Positively selected variants are also enriched in variants affecting transcription factor (TF) binding (OR = 1.75; p = 1.6 × 10−6; Figure 2A), based on allele-specific binding (ASB) events detected in chromatin immunoprecipitation sequencing (ChIP-seq) data covering 1,025 human TFs and 566 cell types (false discovery rate [FDR] < 0.01).63 For example, the positively selected rs3771180>T variant (s = 0.015, T = 2,250, psel = 0.005) at the IL1RL1 locus disturbs the 7-bp binding motif of JUND (OR = 3.07; padj = 5.7 × 10−12) and is associated with a lower risk of asthma64 and higher neutrophil levels.14 Moreover, 17 of the 265 TFs with at least five ASBs have ASB-associated variants enriched in positive selection signals, and the genes closest to these ASBs are enriched in IGs (OR = 1.24; p = 0.04). Collectively, these results provide insight into the regulatory mechanisms underlying recent human adaptation in the context of immunity to infection.

Directional selection has affected leukocytic lineages since the Bronze Age

We analyzed epigenomic data from ENCODE,65 to identify the tissues for which the regulatory elements were the most enriched in positively selected variants. In tests with matched controls and correction for multiple testing, we found an enrichment in positively selected variants at DNase-hypersensitive sites in 24 of the 41 tissues and cell types tested, including monocytes (padj = 6.1 × 10−7), tonsils (padj = 2.1 × 10−6), and blood (padj = 1.0 × 10−5) (STAR Methods). These results, together with the enrichment in ASB in candidate variants close to IGs, led us to investigate whether positively selected variants affect hematopoiesis by altering hematopoietic cell fractions.

Taking LD and DAF into account, we found that variants associated with hematopoietic cell composition in genome-wide association studies (GWASs) were strongly enriched in positively selected variants (OR = 10, p = 7.2 × 10−65) (Figure 2C).

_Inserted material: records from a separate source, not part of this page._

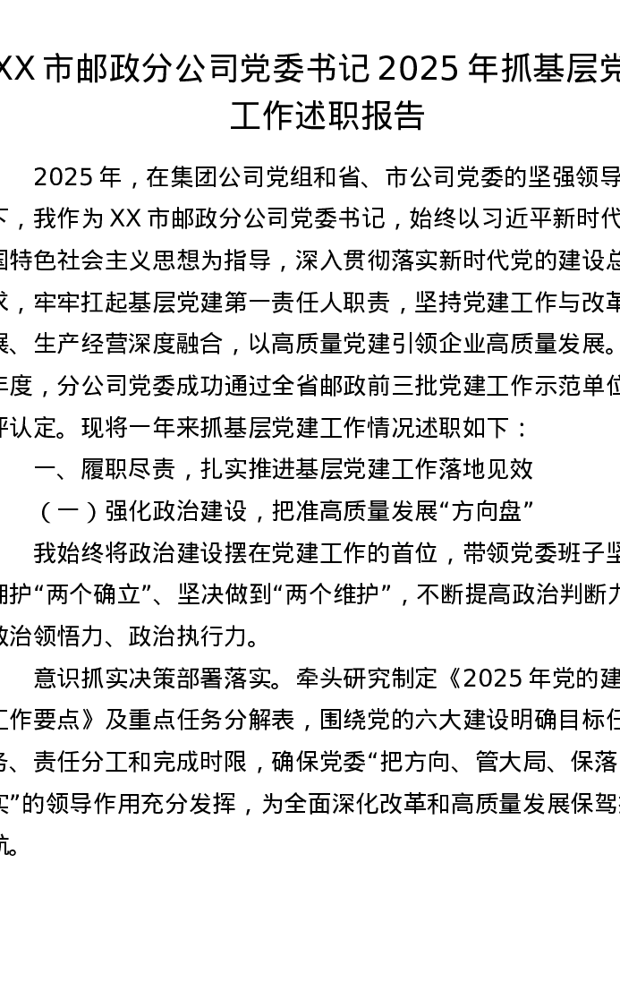 XX市邮政分公司党委书记2025年抓基层党建工作述职报告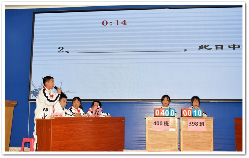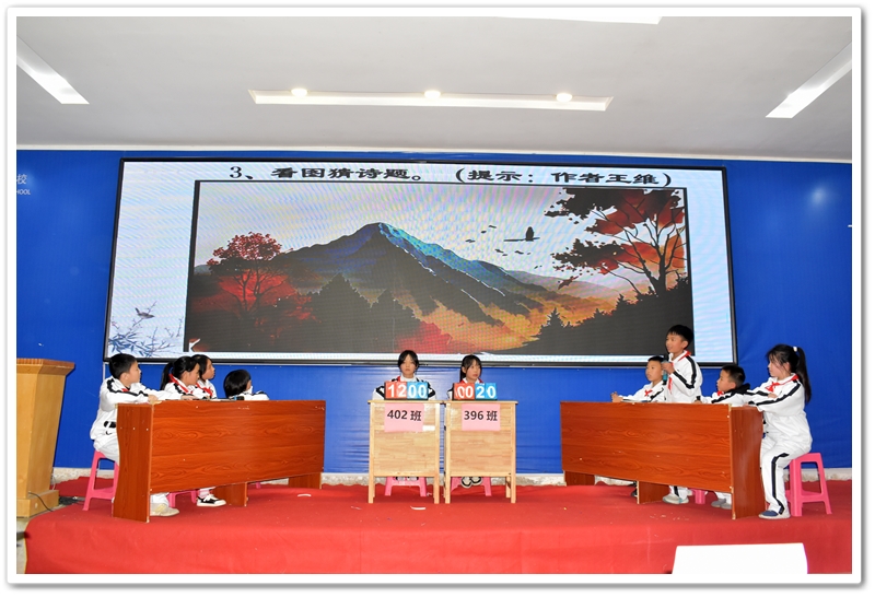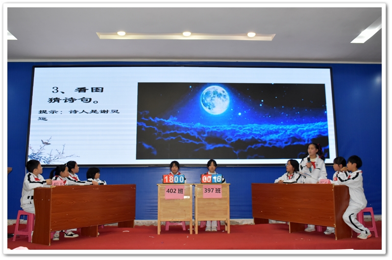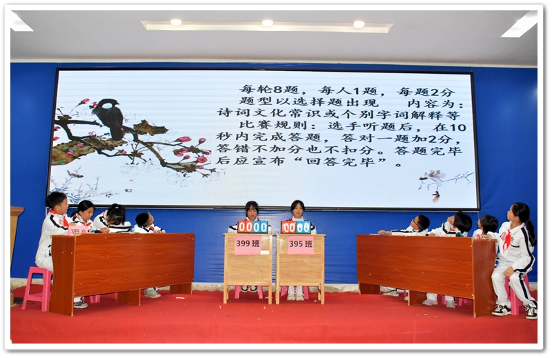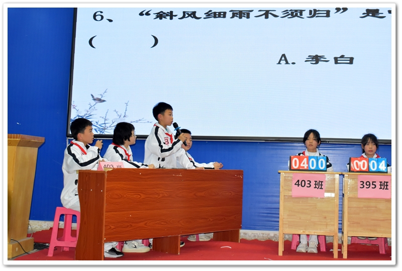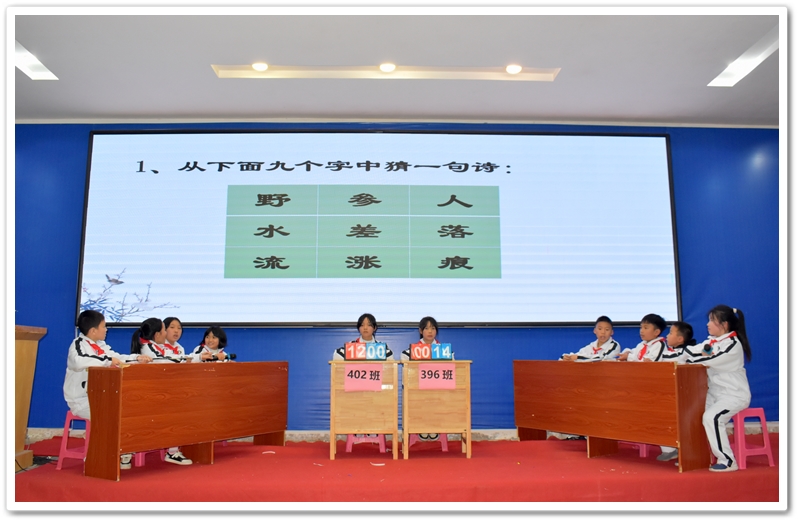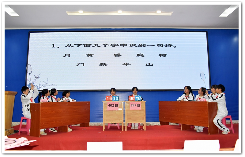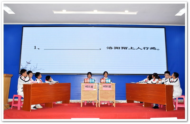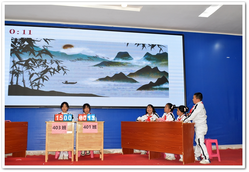 11月21日夜晚,报告厅内华灯初上,人头攒动,诗词大赛在此盛大启幕。赛事分为四轮,涵盖必答题、对对碰、猜猜猜及翻译题,每一环节都高潮迭起,令人屏息。各班精选的四位选手,代表班级出征,他们神采奕奕,意气风发,尽显五年级学子之英姿。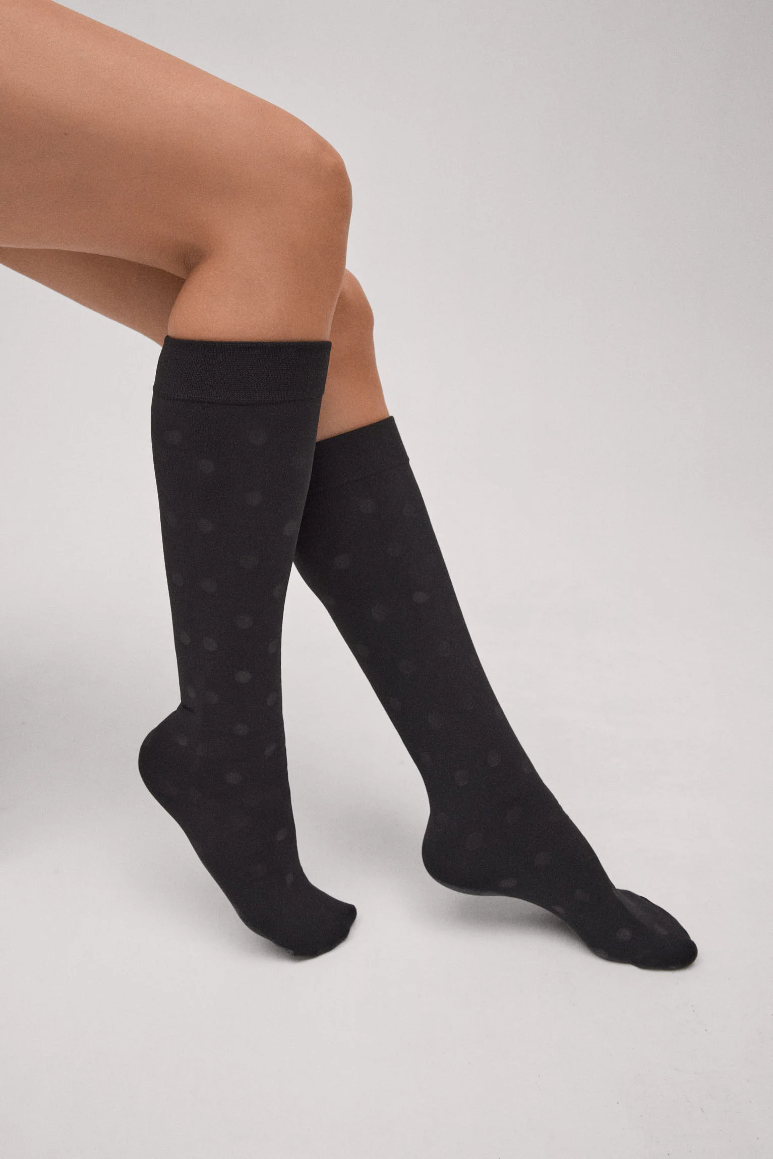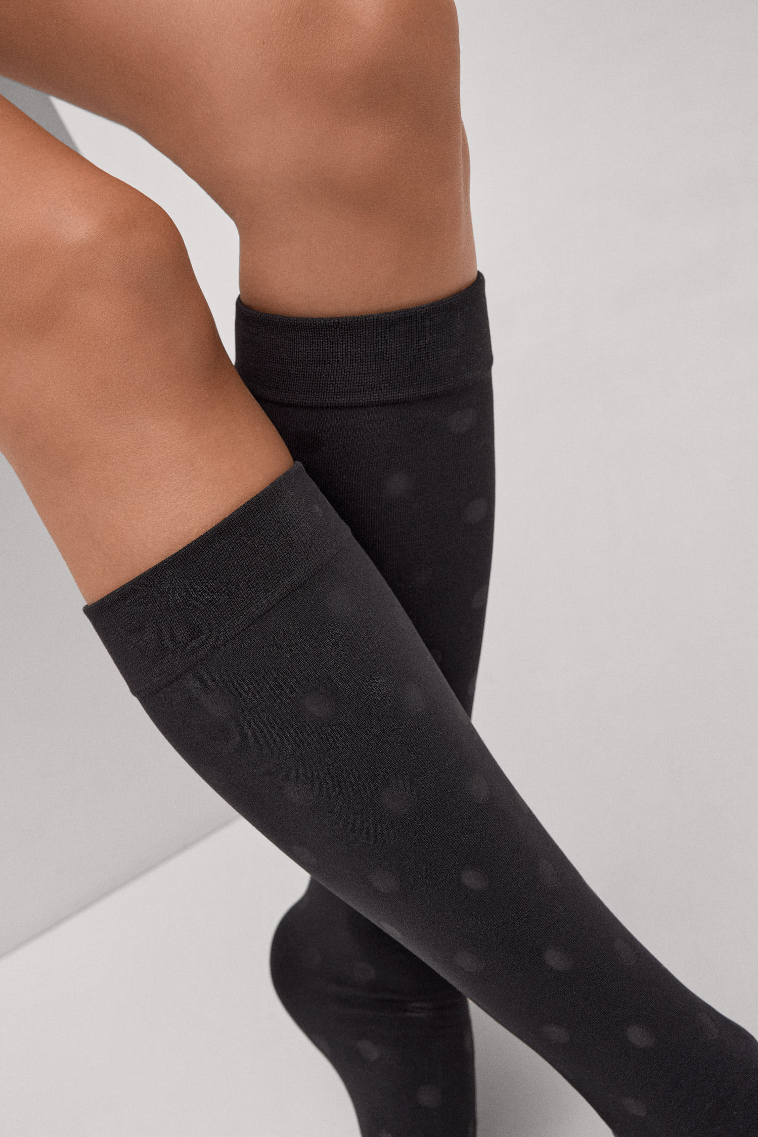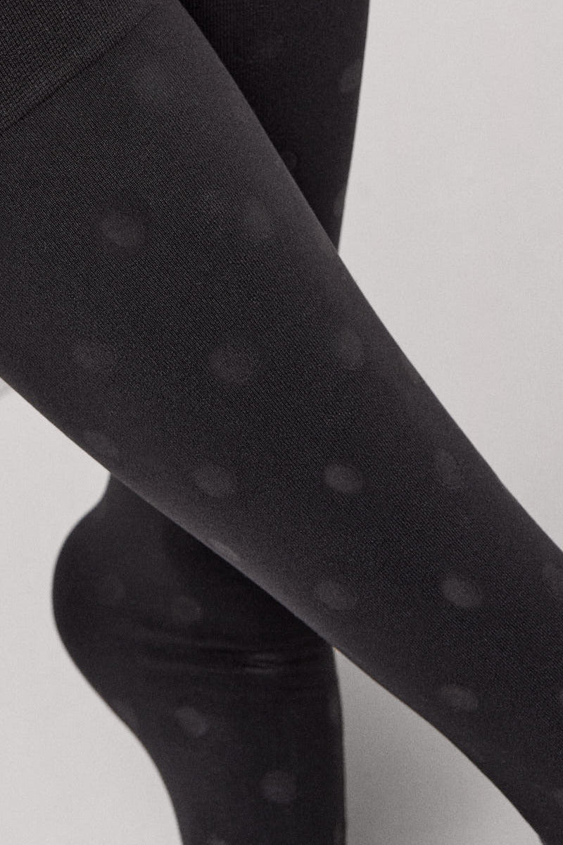 Mini bas thermique imprimé à pois 140 deniers. 95 % polyester, 5 % élasthanne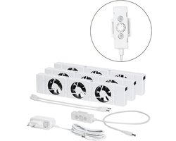 • Fluisterstil & zeer zuinig: <20 dB(A) en minder dan €0,32 per jaar stroomverbruik; verliesvrije 12V-adapter verbruikt niets als ventilatoren uitstaan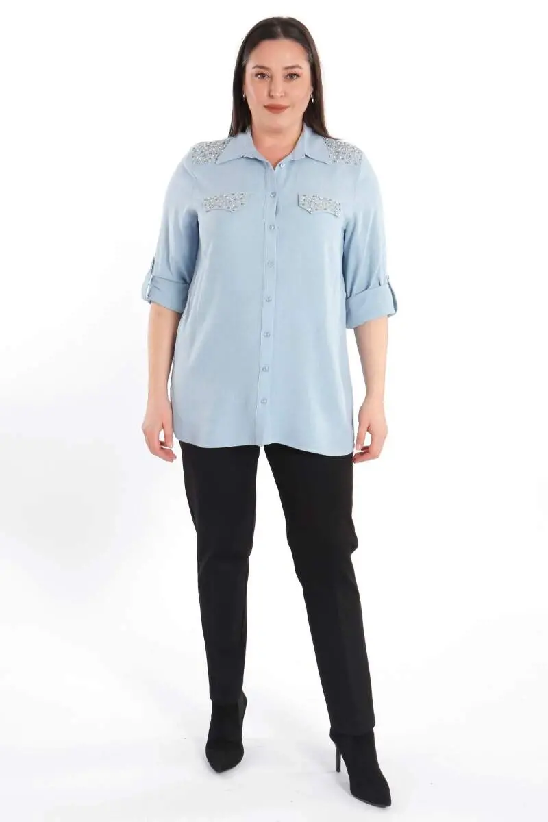 Angelino Büyük Beden Taş Baskılı Mavi Dokuma Gömlek
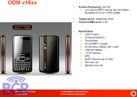 A Vodafone egyre több mobiltelefont forgalmaz az eredeti márkajelzés helyett saját neve alatt. Ha a képnek hinni lehet, akkor szeptember körül egy négytudású okostelefonnal fog gazdagodni a szolgáltató kínálata. A Windows Mobile 6.1 alapú mobiltelefon elég felemás specifikációval rendelkezik. Egyrészt van benne GPS, teljes QWERTTY gombsor és még egy 1,3 megapixeles kamera is, mely egy üzleti telefonban elégségesnek számít, másrészt azonban mindössze EDGE átvitelre képes, mely már most is kevésnek tűnik, nem hogy 2008 szeptemberében. Egyelőre persze nem tudni, hogy a specifikáció végeleges-e, mint ahogy azt sem, hogy egyáltalán van-e valóságalapja.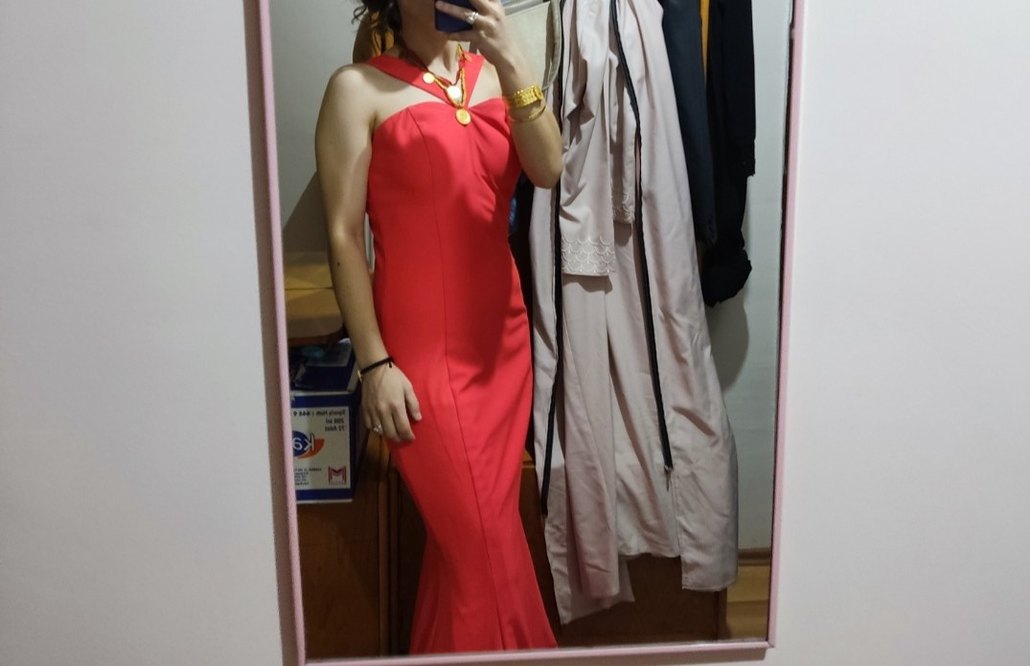 Nar çiçeği tonlarında , V yaka ve aski tasarımıyla vücuda oturur. Balik model . 160 , 50-55 kilo arasindaydim giydigimde. Fotoğrafda görüldüğü gibi a kuyruğu var. Herhangi bir sorunu yoktur .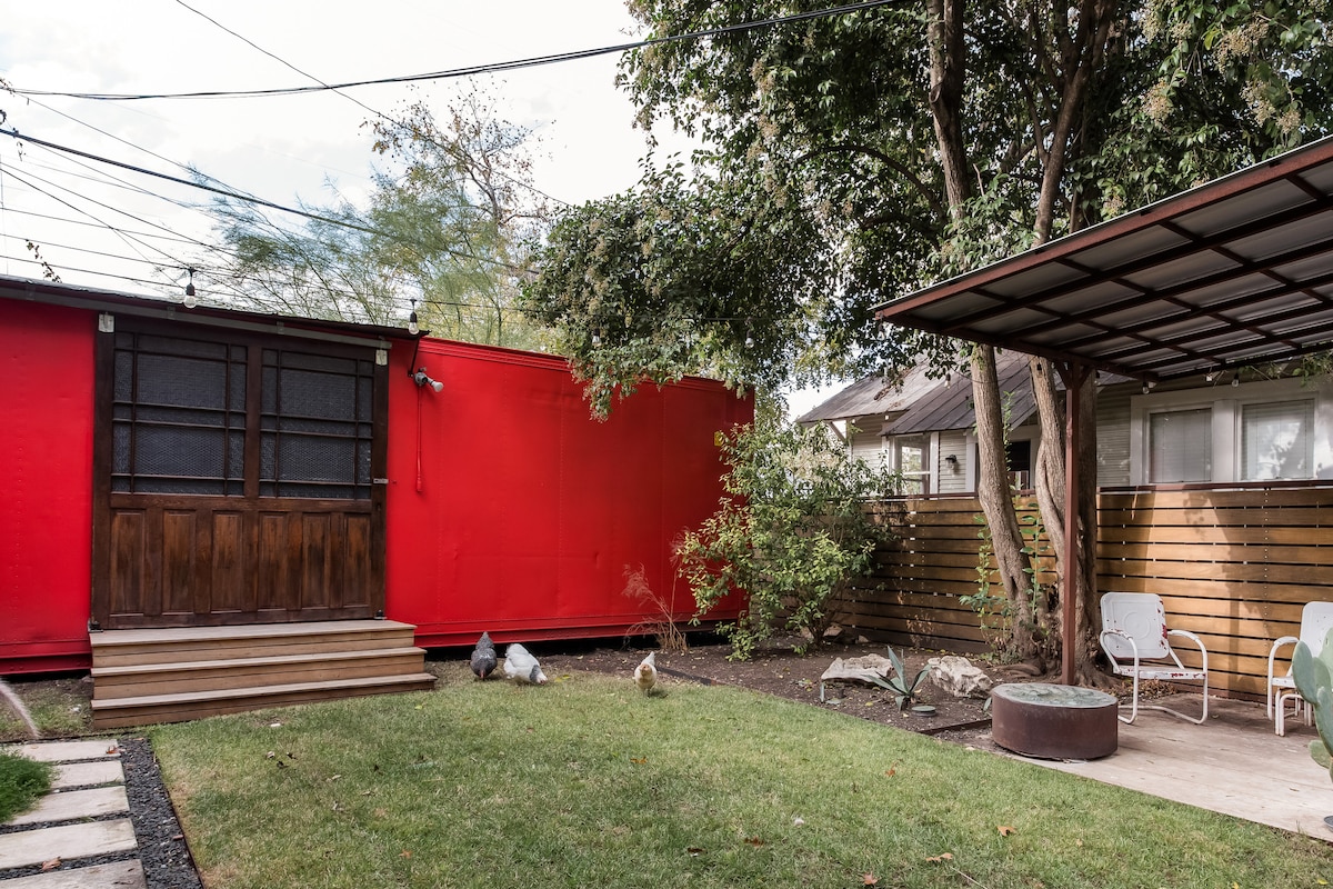 Walk through the bright red door (traditionally signaling a warm welcome) and enter a studio apartment with kitchenette, king bed, and full bath filled with art made by the owner and his friends. There is an Apple TV with multiple streaming options you can use your personal login for. The house is one block from shopping and dining on South Congress. On your visit you may meet our dog Chispa. She's very friendly and may greet you. Do not hesitate to let us know if she is bothe

For each of the 36 hematopoietic traits, we analyzed the frequency trajectories of all the trait-increasing alleles (pGWAS < 5.0 × 10−8) with a polygenic score derived from GWAS data,40 within the studied candidate positively selected LD groups (Figure S5A; STAR Methods). This score integrates tens or hundreds of generally small effect sizes, which we assessed over hundreds of generations. We found that polygenic scores for platelet and reticulocyte counts had decreased significantly over the last 10,000 years, whereas scores for mean platelet volume and mean corpuscular (red blood cell) volume, as well as the mean mass of hemoglobin per red blood cell, had significantly increased (Figure 2D). Likewise, polygenic scores for the proportion of eosinophils among granulocytes were found to have significantly decreased over the study period, whereas the proportions of lymphocytes and monocytes among white blood cells and neutrophil counts had significantly increased. Importantly, the polygenic scores of seven traits, including traits relating to platelets, reticulocytes, lymphocytes, and monocytes, were found to have significantly increased or decreased in post-Neolithic Europe, whereas no trait other than the number of granulocytes changed significantly during the Neolithic period. These observations are consistent with directional selection acting principally on hematopoietic lineages after the Bronze Age.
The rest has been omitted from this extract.